What happens when a car turns?

[Stephen Bulking]

A car moving at constant speed is in uniform circular motion, thus having centripetal acceleration of $a=\frac{v^2}{R}$. The force associated with this acceleration is known to be friction. But friction, in nature, appears as an opposition to the relative motion between two surfaces whether it be static or kinetic friction (Here, the car is neither "sliding" away from the center of the imaginary circle it is rounding nor is it sling towards it, hence the friction of our interest is static friction). Since friction, the centripetal force is directed towards the center of the circle, is there any force acting on the car in the opposite direction? Apparently, no... So is it inertia that friction is fighting against? If so, which is the direction of motion that friction is opposing? Is it the original straight-line motion of the car? Why is it directed to the center of the circle in the first place? Just because it needs to cause radial acceleration?

 

[DrStupid]

Since friction, the centripetal force is directed towards the center of the circle, is there any force acting on the car in the opposite direction? Apparently, no...
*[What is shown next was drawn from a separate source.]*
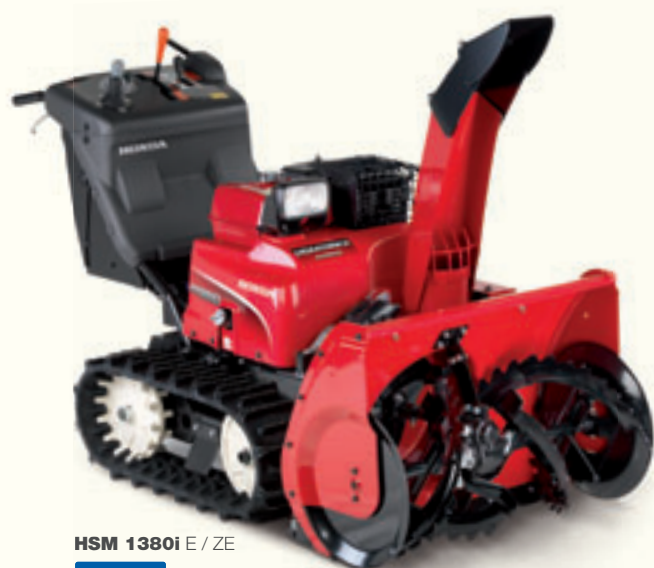
HSM 1380i E / ZE

Correct. But there is an opposite force acting on the ground.

So is it inertia that friction is fighting against? If so, which is the direction of motion that friction is opposing? Is it the original straight-line motion of the car?

Correct again.

Why is it directed to the center of the circle in the first place?

Because the wheel is turned off the straight-line direction.

Just because it needs to cause radial acceleration?

Just because the driver wants the car to drive in a circle (assuming he has the car under control).

 

[PeroK]

Summary:: When a car running at constant speed turns, rounding a flat curve or moves in uniform circular motion, there is a centripetal force holding it in the circular path, what force is this? And how does it work?

A car moving at constant speed is in uniform circular motion, thus having centripetal acceleration of $a=\frac{v^2}{R}$. The force associated with this acceleration is known to be friction. But friction, in nature, appears as an opposition to the relative motion between two surfaces whether it be static or kinetic friction (Here, the car is neither "sliding" away from the center of the imaginary circle it is rounding nor is it sling towards it, hence the friction of our interest is static friction). Since friction, the centripetal force is directed towards the center of the circle, is there any force acting on the car in the opposite direction? Apparently, no... So is it inertia that friction is fighting against? If so, which is the direction of motion that friction is opposing? Is it the original straight-line motion of the car? Why is it directed to the center of the circle in the first place? Just because it needs to cause radial acceleration?

Those links show the kinematic situation, but don't attempt to explain how the position of the front wheels on the road results in a lateral force on the car. Those notes effectively assume that there is a net force at right angles to the direction of motion of the car - and that must result in uniform circular motion.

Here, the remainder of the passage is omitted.